Solana Pay, a decentralized payments protocol based on the Solana blockchain that allows businesses and e-commerce platforms to accept payments via crypto wallets, has gone live.
The peer-to-peer payments infrastructure is meant to give online businesses and point-of-sale providers around the world the ability to accept and settle payments in a variety of digital assets.
Solana Labs, in collaboration with Checkout.com, Citcon, and payments firm Circle, developed the infrastructure to support the adoption of USDC, among other assets, across traditional markets.
According to Solana Labs, merchants would get “real-time” payments and will save money due to Solana’s lower fees.
“Merchants and consumers want a frictionless experience without taking on unnecessary volatility risk, and consumers don’t necessarily want to transact with their investments,” Sheraz Shere, head of payments at Solana Labs said.
Circle’s Jeremy Allaire added that the Solana Pay launch marked “a critical step toward broadening access and usage for merchants and customers who want to participate in the rapidly evolving landscape for the next generation of payment technology.”
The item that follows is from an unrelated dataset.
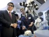 习近平和约克公爵和帝国理工学院最新开发的医疗机器人互动,这其中包括一个运用于外科手术的蛇形机器人。哈姆林中心的教授将展示帝国理工学院怎样研究出更小、更便宜的机器人,帮助医护工作者以更小的成本和史无前例的精确度做手术。图为习近平戴着3d眼镜观看医疗设备的展示。

On Solana Pay’s debut launch, the Circle-issued stablecoin USDC will be the primary medium of exchange, but with the support of Phantom and FTX, many more Solana-compatible digital assets could gain traction in the future. After partnering with both Visa and Mastercard last year, Circle’s backing for the product is the latest in a series of huge developments in the payments market.
To increase performance and scalability, Solana employs a combination of proof-of-stake (PoS) and proof-of-history (PoH) consensus methods. As a result, the network claims to be the world’s fastest blockchain, with a transaction rate of 65,000 per second (TPS).